La face cachée des grands crus de Bordeaux

La face cachée des grands crus de Bordeaux

C’est l’envers d’un décor prestigieux. Sa partie invisible. Les grands crus de Bordeaux, châteaux achetés à pris d’or par des multinationales du luxe, des assurances, du BTP, grandes fortunes qui ne savent plus où placer leur argent, exploitent une main-d’œuvre saisonnière et à l’année qui reste cachée. Mais sans ces travailleurs de la vigne, aucun domaine ne pourrait subsister.

L’art de vivre, tant vanté, associé aux grands vins, déploie une image avantageuse du goût, de distinction et de classe. Il dissimule surtout une réalité peu reluisante.

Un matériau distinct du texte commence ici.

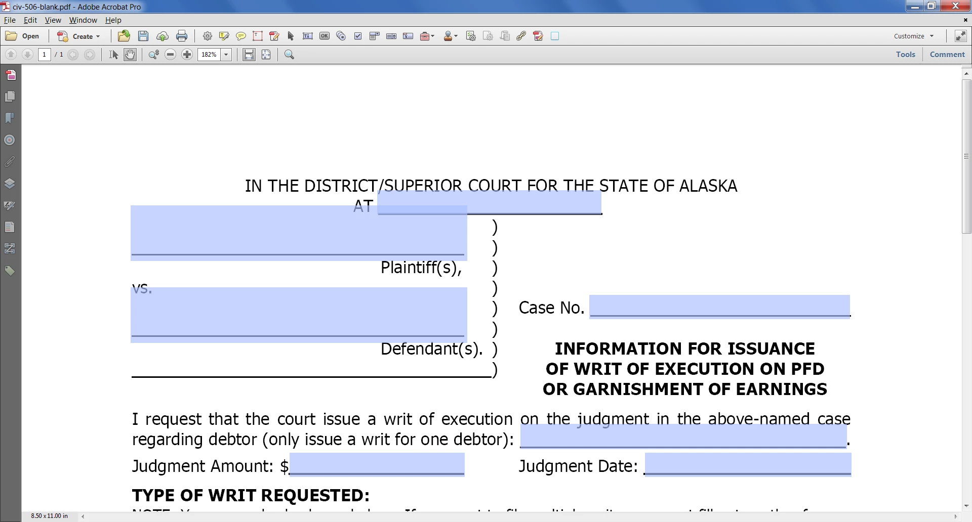 filling in court form - go to next blank line
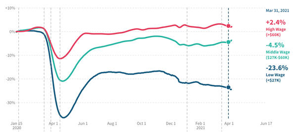 The analysis examined employment levels in January 2020, before lockdown orders and other restrictions on the economy were implemented. It compared them to employment figures from March 31, 2021.
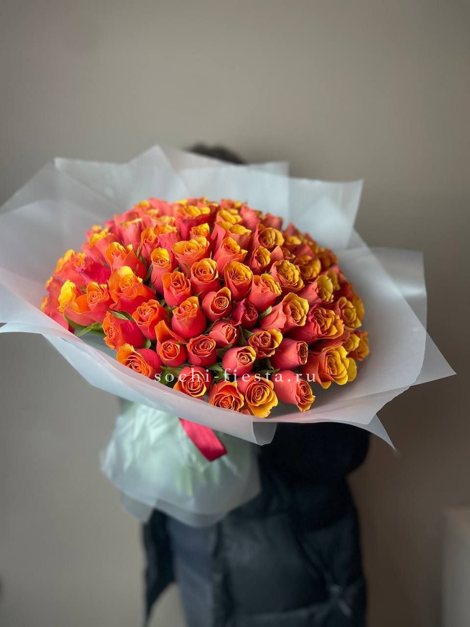 Сто один бутон ярко-алого оттенка собраны в монументальную композицию. Кенийские розы формируют плотную полусферу, где каждый цветок дополняет общий ритм. Это букет, который заполняет пространство цветом и энергией.
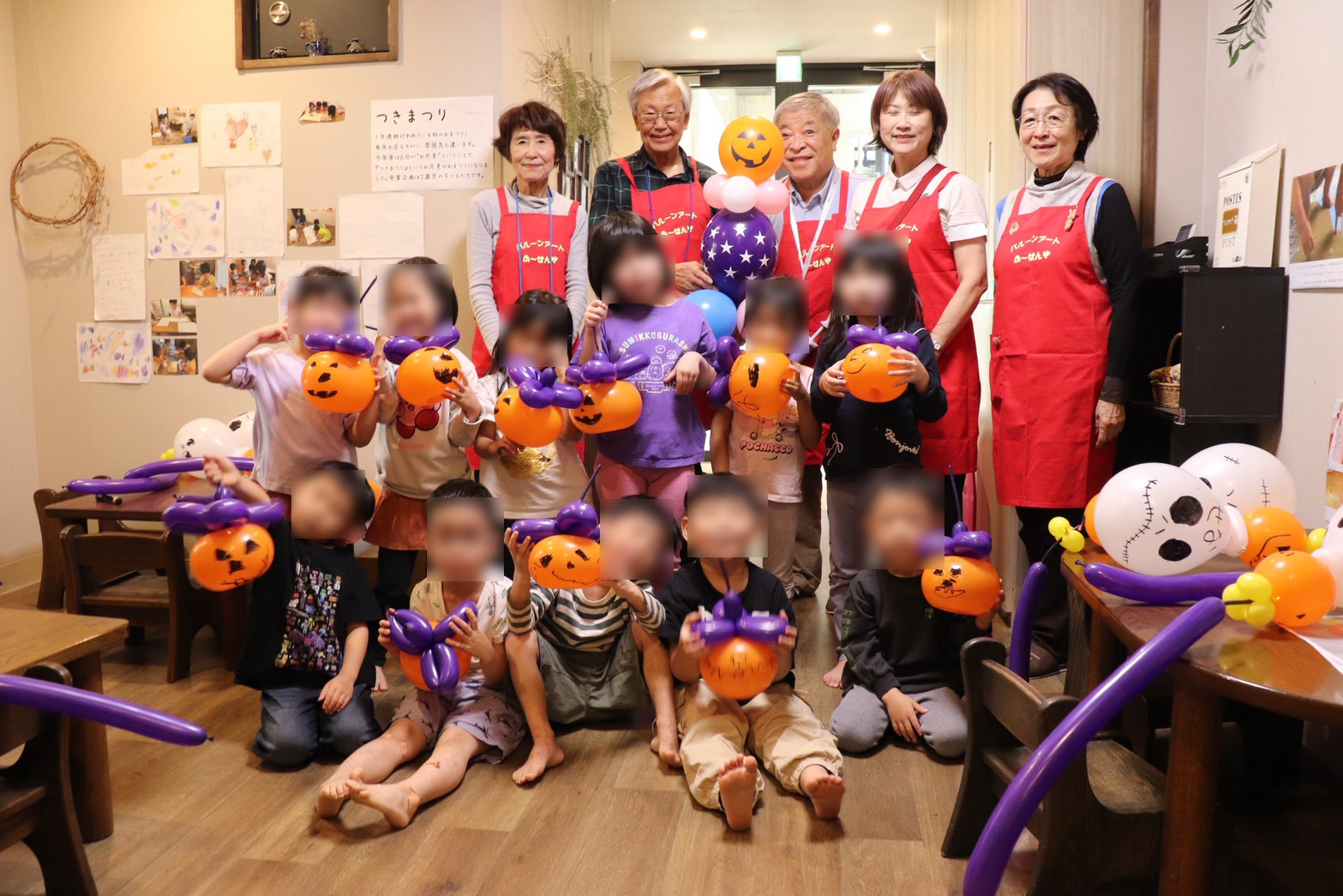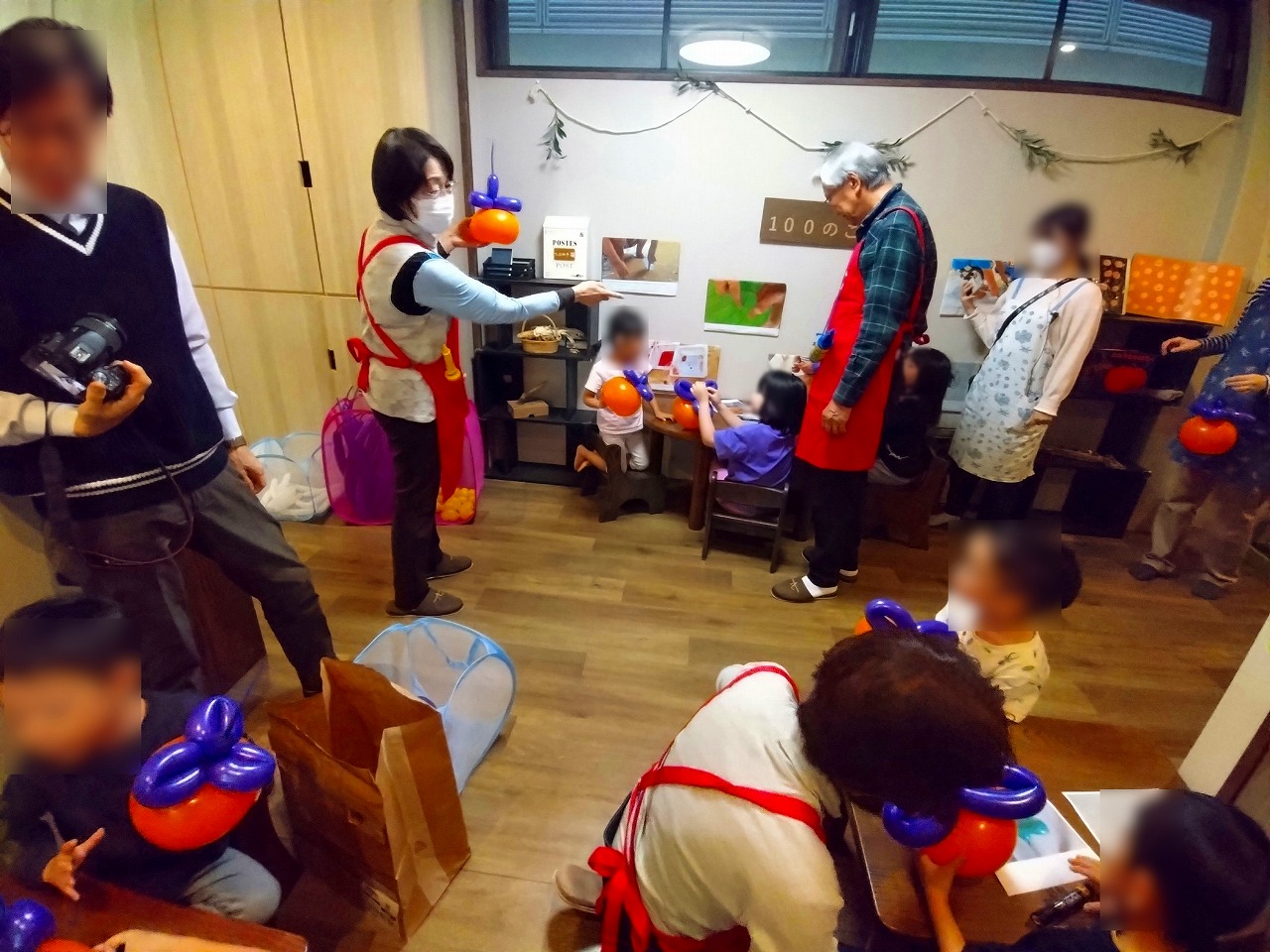 皆が大騒ぎしている間に、ハロウィンカボチャ顔のバルーンドールを作り、みんなで記念撮影しました。
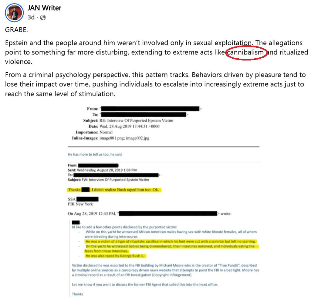 Poate şi mai tulburător decât scenariul plănuirii unei conflagraţii planetare este punerea în circulaţie a ipotezei canibalismului lui Jeffrey Epstein şi al acoliţilor săi. După publicarea celor aproximativ trei milioane de documente de către Departamentul Justiţiei, pe reţelele de socializare au apărut postări în care Epstein a fost acuzat că ar fi dezmembrat şi mâncat bebeluşi şi că ar fi organizat pentru prietenii săi „sacrificii ritualice”. A reapărut un videoclip din 2009, în care o tânără de 21 de ani pe nume Gabriela Rico Jiménez este arestată în Guadalajara în timp ce vorbeşte despre „elitele” care mănâncă oameni la petreceri exclusiviste. Unul dintre documentele publicate care susținea că bebelușii ar fi fost dezmembrați făcea referire și la „George Bush 1”, deși rămâne neclar dacă se referă la fostul președinte american George H.W. Bush. Însă toate aceste afirmații provin de pe conturi online neverificate. Jurnaliştii site-ului american Snopes au confirmat că documentele desecretizate includ referinţe la canibalism şi sacrificii rituale, dar nu a putut fi stabilită autenticitatea acuzaţiilor. Situaţiile descrise provin din consemnarea unui interogatoriu al FBI din 2019, în care un bărbat anonim a susținut că în 2000 a fost martor la „sacrificarea ritualică” a unor copii pe un iaht aparținând lui Epstein, fără să furnizeze dovezi. Conform documentelor, bărbatul nu a menţiont canibalismul în depoziţia sa. Totuşi, cuvintele „canibal” şi „canibalism” apar în alte părți din dosarele publicate luna trecută, deşi aceste referințe nu se referă la infracțiuni comise de Epstein sau de cineva apropiat lui. Într-un rezumat al aceluiași interogatoriu, acuzatorul ar fi susținut că mai mulţi foști președinți „au fost prezenți pe același iaht în timp se petreceau toate actele de violență menționate anterior”. Agentul FBI a concluzionat că, dată fiind lipsa dovezilor, „nu se recomandă cheltuirea de resurse suplimentare pentru continuarea investigaţiilor”.
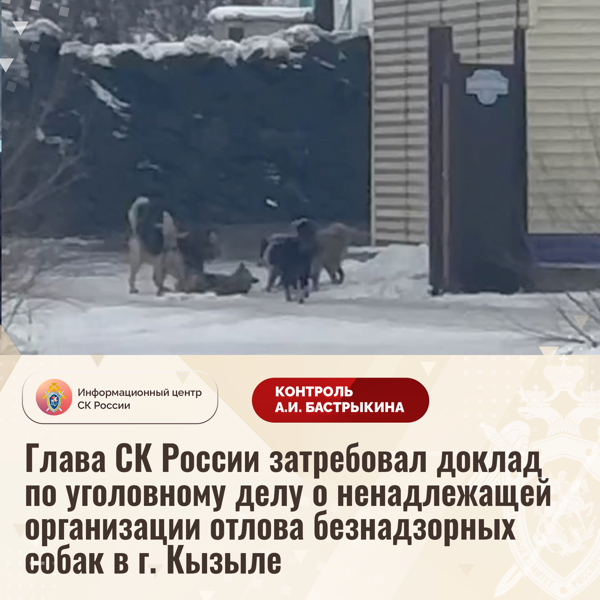 Глава СК России затребовал доклад по уголовному делу о ненадлежащей организации отлова безнадзорных собак в г. Кызыле В социальной сети сообщается о бездействии профильных структур при организации отлова безнадзорных собак в городе Кызыле. На протяжении длительного времени вблизи жилых домов и образовательных учреждений обитает большое количество животных, которые систематически нападают на местных жителей. Несмотря на имеющиеся нарушения, мер к разрешению проблемы не принимается. В СУ СК России по Республике Тыве возбуждено уголовное дело. Председатель Следственного комитета Российской Федерации Александр Иванович Бастрыкин затребовал у руководителя СУ СК России по Республике Тыве Константина Владимировича Столбина доклад о предварительных и окончательных результатах расследования уголовного дела. Исполнение поручения поставлено на контроль в центральном аппарате ведомства. #СледственныйКомитет #СКРоссии #СКР #ИЦСКР #ИнформационныйЦентр #АлександрБастрыкин #ПредседательСКР #КонтрольП
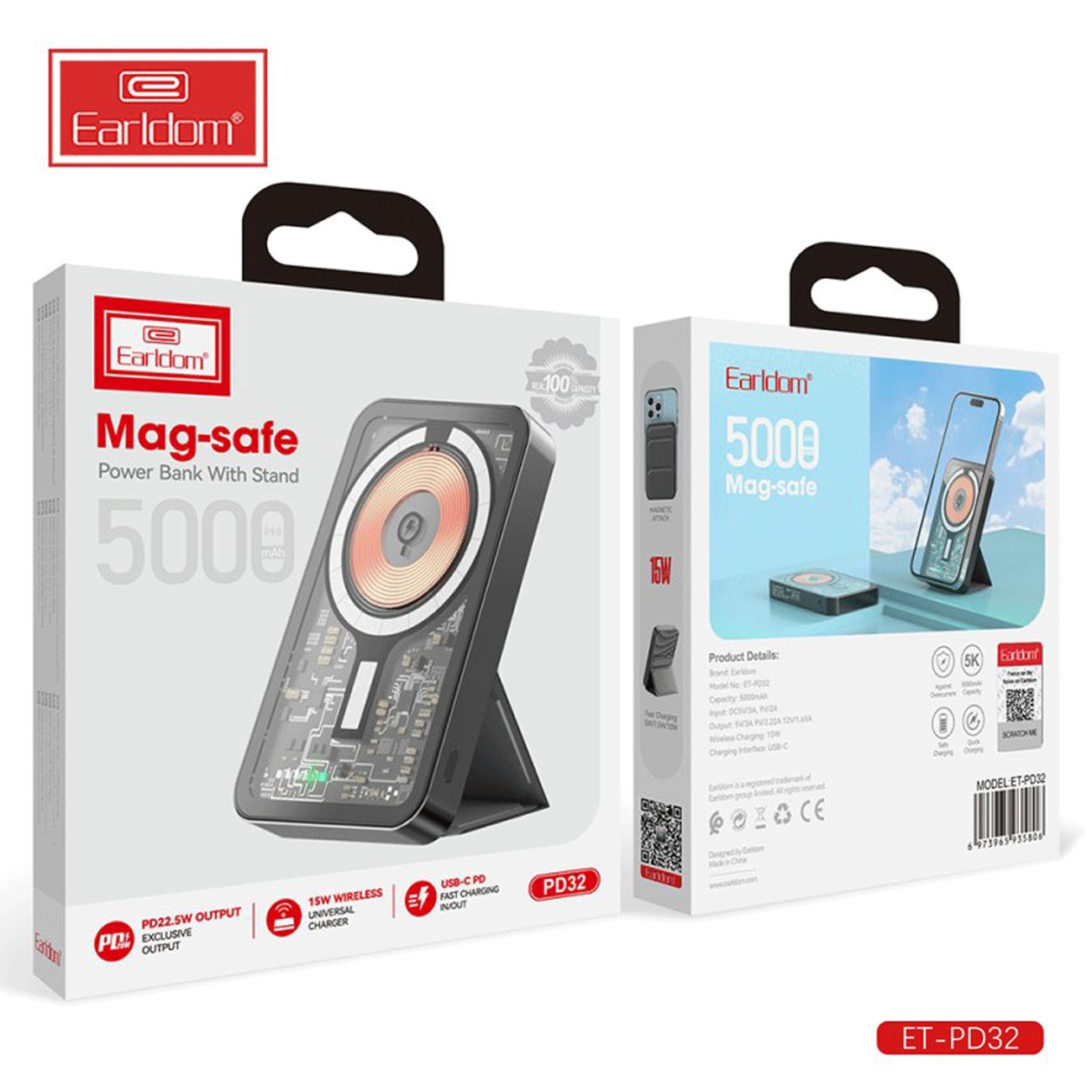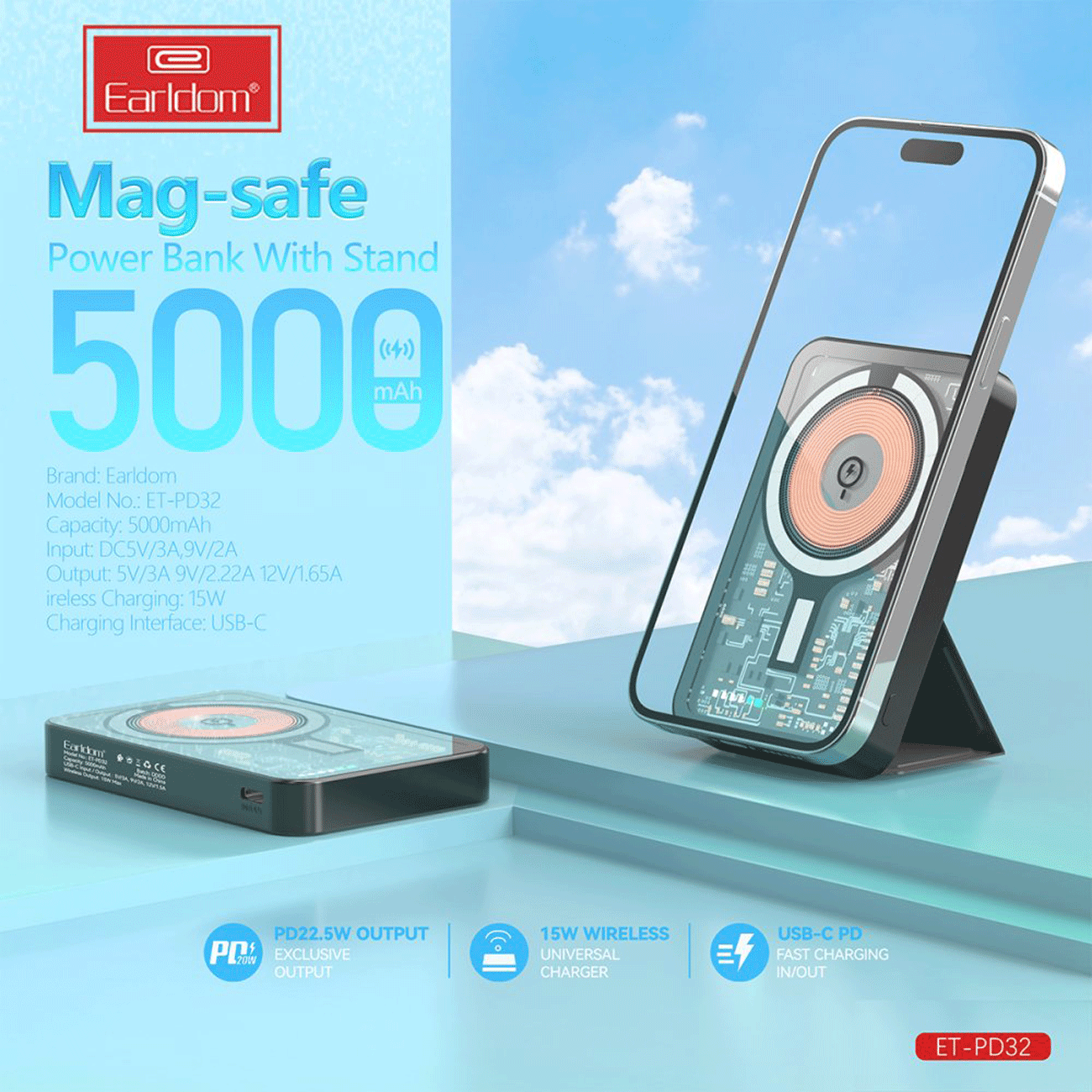 Earldom PD32 5000 Mah 22.5W Wireless Charging Stand PD Fast Charging Powerbank
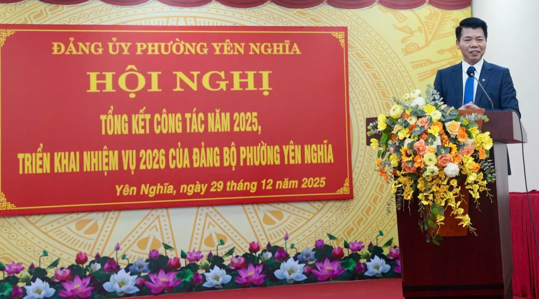 Phát biểu tại hội nghị, Bí thư Đảng ủy, Chủ tịch HĐND phường Yên Nghĩa Nguyễn Nguyên Quân nhấn mạnh: “Công tác thi đua, khen thưởng phải thực sự trở thành động lực thúc đẩy cán bộ, đảng viên và Nhân dân nỗ lực, sáng tạo trong thực hiện nhiệm vụ. Việc khen thưởng cần kịp thời, công khai, minh bạch, gắn chặt với kết quả thực chất, lấy sự hài lòng của Nhân dân làm thước đo hiệu quả.” Bí thư Đảng ủy phường Yên Nghĩa khẳng định, những kết quả đạt được trong năm 2025 là nền tảng quan trọng để phường Yên Nghĩa tiếp tục bứt phá trong năm 2026.
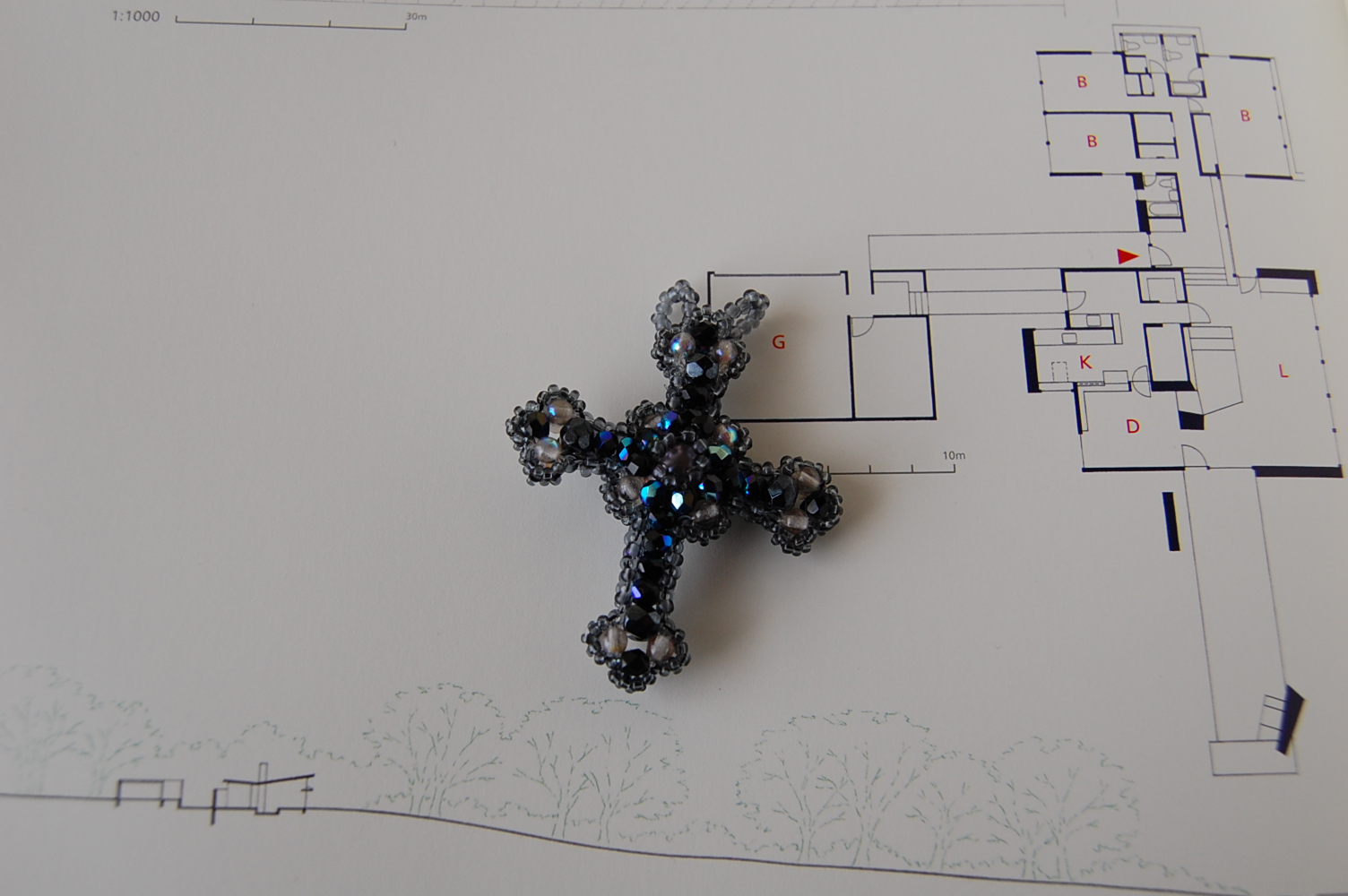 ダンデライオ~ンと松任谷由美さんの歌を口ずさみながら…4~5年前に作りかけ、温めていたクロスのモチーフ。今日引っ越す、クロス好きの友人のために完成させました。まさに彼女に出会うために黒真珠のクロスは作られた…。このクロスは細かく、テグスで補強しきれずに完成を諦めていたもの。不器用な私にはテグスは無理!!!と、ステッチに目覚めさせてくれた記念作です。プロフィールに"不器用な"ビーズアクセサリー作家と加えておかなくちゃ
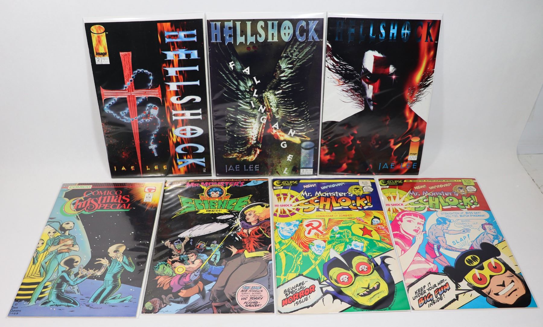 LOT OF 7 ASSORTED COMICS INCLUDES HELLSHOCK,
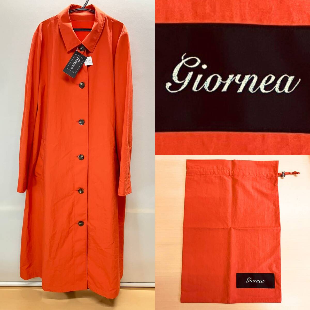 - Giornea(ジョルネア)ステンカラーコート オレンジ サイズ 11(L)フード、ポーチ付き
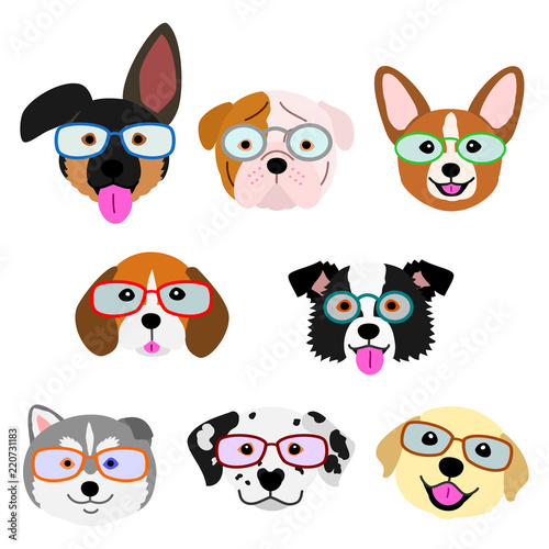 vector, illustration, animal, pet, dog, puppy, face, eyeglass, set, group, head, german shepherd dog, labrador retriever, beagle, bulldog, siberian husky, border collie, smiling, cute, front, element, character, collection, cartoon, white background, pet shop, design, hipster, study, school

Selon les auteurs de ce documentaire édifiant, Ixchel Delaporte (déjà auteure d’un livre sur le sujet aux Éditions du Rouergue) et Olivier Toscer, 60 000 personnes vivent sous le seuil de pauvreté et dans des conditions indignes de précarité, dans le triangle délimité par Saint-Émilion, Pauillac et Sauternes. À Pauillac, le “lumpenprolétariat” de la vigne campe dans une déchetterie.

Premier employeur en Gironde, le secteur viticole et de l’œnotourisme attire quatre millions de visiteurs par an. La route de l’estuaire vers le Médoc qui longe les plus belles propriétés de la région s’affiche comme un fastueux trompe-l’œil. Les sociétés lointaines qui en sont désormais les propriétaires font appel à des entreprises de sous-traitance qui déshumanisent le travail d’entretien et de surveillance de l’or rouge. Ces multinationales vendent du rêve et consolident ce “couloir de la pauvreté”, en employant trois fois plus d’intérimaires que de permanents.
Ces fourmis démunies réclament maintenant considération et dignité. Conscientes de n’être que des outils interchangeables, elles commencent à relever la tête et exigent leur dû. Leur lutte demeure feutrée mais le vent tourne. Certaines associations lancent l’idée d’apposer un label de charte sociale sur les étiquettes. Sous le velouté des grands crus fermente le vinaigre de la révolte.